EXCERPTED RECORDS:

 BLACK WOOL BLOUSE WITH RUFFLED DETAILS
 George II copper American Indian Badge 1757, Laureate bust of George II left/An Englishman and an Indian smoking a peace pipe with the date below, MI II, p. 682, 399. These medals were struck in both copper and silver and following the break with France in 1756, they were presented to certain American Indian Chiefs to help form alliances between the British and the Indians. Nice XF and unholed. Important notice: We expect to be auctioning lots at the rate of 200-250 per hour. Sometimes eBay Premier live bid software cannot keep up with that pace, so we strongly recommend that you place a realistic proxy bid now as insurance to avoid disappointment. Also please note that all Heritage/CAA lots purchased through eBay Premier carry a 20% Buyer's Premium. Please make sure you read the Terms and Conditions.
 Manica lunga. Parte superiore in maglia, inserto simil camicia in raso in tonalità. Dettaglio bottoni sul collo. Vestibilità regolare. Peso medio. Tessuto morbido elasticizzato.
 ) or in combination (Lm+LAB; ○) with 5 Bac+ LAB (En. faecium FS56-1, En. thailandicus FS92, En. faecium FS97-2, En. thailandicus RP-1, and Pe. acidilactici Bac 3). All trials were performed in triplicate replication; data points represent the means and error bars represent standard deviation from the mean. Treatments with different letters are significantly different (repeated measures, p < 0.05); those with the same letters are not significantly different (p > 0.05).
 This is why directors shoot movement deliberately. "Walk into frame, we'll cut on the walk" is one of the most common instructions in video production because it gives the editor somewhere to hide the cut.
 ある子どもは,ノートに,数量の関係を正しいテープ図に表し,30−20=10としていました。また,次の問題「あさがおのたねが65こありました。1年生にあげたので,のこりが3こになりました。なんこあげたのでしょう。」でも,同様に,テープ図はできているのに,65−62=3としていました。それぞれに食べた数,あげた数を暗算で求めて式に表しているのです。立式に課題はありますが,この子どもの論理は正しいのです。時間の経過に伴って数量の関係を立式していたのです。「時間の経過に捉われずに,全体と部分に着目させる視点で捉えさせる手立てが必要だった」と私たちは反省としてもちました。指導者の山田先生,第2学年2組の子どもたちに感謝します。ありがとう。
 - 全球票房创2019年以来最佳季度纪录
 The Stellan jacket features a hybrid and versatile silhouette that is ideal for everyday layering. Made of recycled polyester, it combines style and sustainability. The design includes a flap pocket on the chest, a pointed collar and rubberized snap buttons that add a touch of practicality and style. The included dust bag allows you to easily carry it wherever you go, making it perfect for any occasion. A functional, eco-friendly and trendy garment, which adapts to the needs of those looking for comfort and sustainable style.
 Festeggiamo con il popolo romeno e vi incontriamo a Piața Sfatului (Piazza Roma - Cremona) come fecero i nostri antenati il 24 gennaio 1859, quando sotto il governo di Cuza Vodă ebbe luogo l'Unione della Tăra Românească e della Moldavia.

EXERCISE DESCRIPTION:
The records shown above must be returned in full, exactly as written.

WRITTEN RESPONSE:
 BLACK WOOL BLOUSE WITH RUFFLED DETAILS
 George II copper American Indian Badge 1757, Laureate bust of George II left/An Englishman and an Indian smoking a peace pipe with the date below, MI II, p. 682, 399. These medals were struck in both copper and silver and following the break with France in 1756, they were presented to certain American Indian Chiefs to help form alliances between the British and the Indians. Nice XF and unholed. Important notice: We expect to be auctioning lots at the rate of 200-250 per hour. Sometimes eBay Premier live bid software cannot keep up with that pace, so we strongly recommend that you place a realistic proxy bid now as insurance to avoid disappointment. Also please note that all Heritage/CAA lots purchased through eBay Premier carry a 20% Buyer's Premium. Please make sure you read the Terms and Conditions.
 Manica lunga. Parte superiore in maglia, inserto simil camicia in raso in tonalità. Dettaglio bottoni sul collo. Vestibilità regolare. Peso medio. Tessuto morbido elasticizzato.
 ) or in combination (Lm+LAB; ○) with 5 Bac+ LAB (En. faecium FS56-1, En. thailandicus FS92, En. faecium FS97-2, En. thailandicus RP-1, and Pe. acidilactici Bac 3). All trials were performed in triplicate replication; data points represent the means and error bars represent standard deviation from the mean. Treatments with different letters are significantly different (repeated measures, p < 0.05); those with the same letters are not significantly different (p > 0.05).
 This is why directors shoot movement deliberately. "Walk into frame, we'll cut on the walk" is one of the most common instructions in video production because it gives the editor somewhere to hide the cut.
 ある子どもは,ノートに,数量の関係を正しいテープ図に表し,30−20=10としていました。また,次の問題「あさがおのたねが65こありました。1年生にあげたので,のこりが3こになりました。なんこあげたのでしょう。」でも,同様に,テープ図はできているのに,65−62=3としていました。それぞれに食べた数,あげた数を暗算で求めて式に表しているのです。立式に課題はありますが,この子どもの論理は正しいのです。時間の経過に伴って数量の関係を立式していたのです。「時間の経過に捉われずに,全体と部分に着目させる視点で捉えさせる手立てが必要だった」と私たちは反省としてもちました。指導者の山田先生,第2学年2組の子どもたちに感謝します。ありがとう。
 - 全球票房创2019年以来最佳季度纪录
 The Stellan jacket features a hybrid and versatile silhouette that is ideal for everyday layering. Made of recycled polyester, it combines style and sustainability. The design includes a flap pocket on the chest, a pointed collar and rubberized snap buttons that add a touch of practicality and style. The included dust bag allows you to easily carry it wherever you go, making it perfect for any occasion. A functional, eco-friendly and trendy garment, which adapts to the needs of those looking for comfort and sustainable style.
 Festeggiamo con il popolo romeno e vi incontriamo a Piața Sfatului (Piazza Roma - Cremona) come fecero i nostri antenati il 24 gennaio 1859, quando sotto il governo di Cuza Vodă ebbe luogo l'Unione della Tăra Românească e della Moldavia.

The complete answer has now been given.